Foster, Thomas C.
Foster, Thomas C.
PERSONAL:
Male.
ADDRESSES:
Home—East Lansing, MI. Office— Department of English, University of Michigan-Flint, 326 French Hall, 303 E. Kearsley St., Flint, MI 48502. E-mail—[email protected].
CAREER:
University of Michigan-Flint, began as associate professor, currently professor of English.
WRITINGS:
Form and Society in Modern Literature, Northern Illinois University Press (DeKalb, IL), 1988.
Seamus Heaney, Twayne Publishers (Boston, MA), 1989.
Understanding John Fowles, University of South Carolina Press (Columbia, SC), 1994.
How to Read Literature Like a Professor: A Lively and Entertaining Guide to Reading between the Lines, Quill Press (New York, NY), 2003.
SIDELIGHTS:
Thomas C. Foster's books are, by and large, scholarly works for educated readers seeking insight into specific authors such as poet Seamus Heaney and John Fowles. In these works Foster employs the language and the preoccupations of an English professor, often with praiseworthy results. In an Irish Literary Supplement review of Seamus Heaney, for instance, Dillon Johnston wrote: "Foster reads closely, but never pedantically, showing us how prosody enhances pleasure." Christopher Wiseman, in his Ariel review of Understanding John Fowles, observed: "A major novelist is here—in that word now unfortunately sneered at by so many—appreciated. Foster … is careful and thorough;h3 . In short, this is a useful, sensible book, which will help students negotiate and enjoy the seductive meanderings and mysticisms within Fowles's domains."
Foster's How to Read Literature Like a Professor: A Lively and Entertaining Guide to Reading between the Lines is quite another matter. Written for a general audience, How to Read Literature Like a Professor clearly explains topics such as myth, symbolism, archetype, patterns in literature, and placing a literary work into historical context. In his commentary on the work for the HarperCollins Web site, Foster wrote that the book offers "a set of tools for satisfying … curiosity, a look at how an English professor cracks open a novel, poem, or play, investigates it, experiences it, understands it, so that anyone—novice, student, or book club reader—can take up a text and try using those tools themselves." Library Journal correspondent Rebecca Bollen, in her review of the work, praised Foster for his "ability to tackle such a vast and weighty topic in an informal and conversational manner."

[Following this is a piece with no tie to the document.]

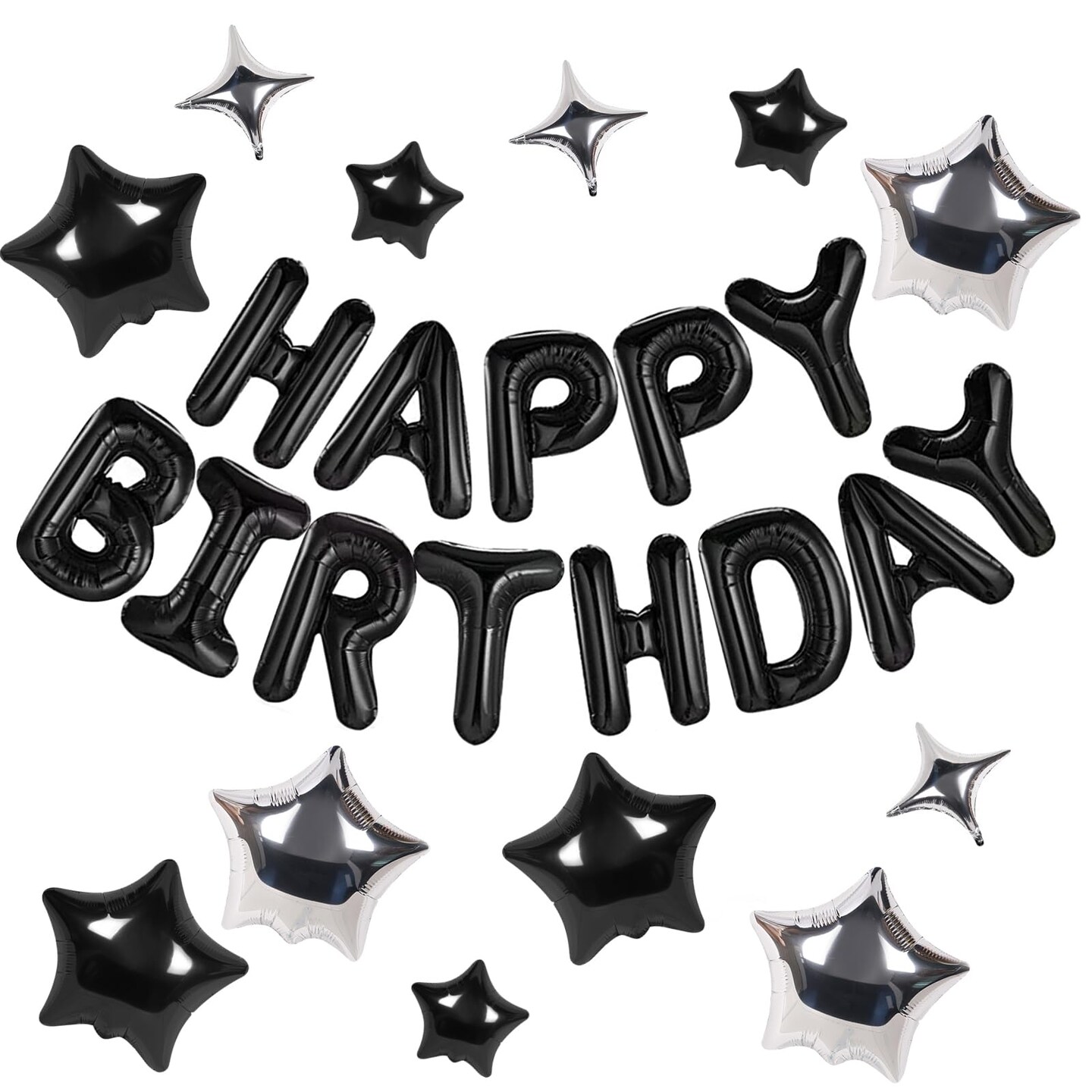 Happy Birthday Banner 13pcs 16 Inch Mylar Foil Letters with 12pcs Star Balloons Birthday Party Decorations for Kids and Adults - 3D Black

BIOGRAPHICAL AND CRITICAL SOURCES:
PERIODICALS
Ariel, July, 1996, Christopher Wiseman, review of Understanding John Fowles, pp. 190-192.
Irish Literary Supplement, fall, 1990, Dillon Johnston, "An Ear to the Poem," p. 18.
Library Journal, April 1, 2003, Rebecca Bollen, review of How to Read Literature Like a Professor: A Lively and Entertaining Guide to Reading between the Lines, p. 98.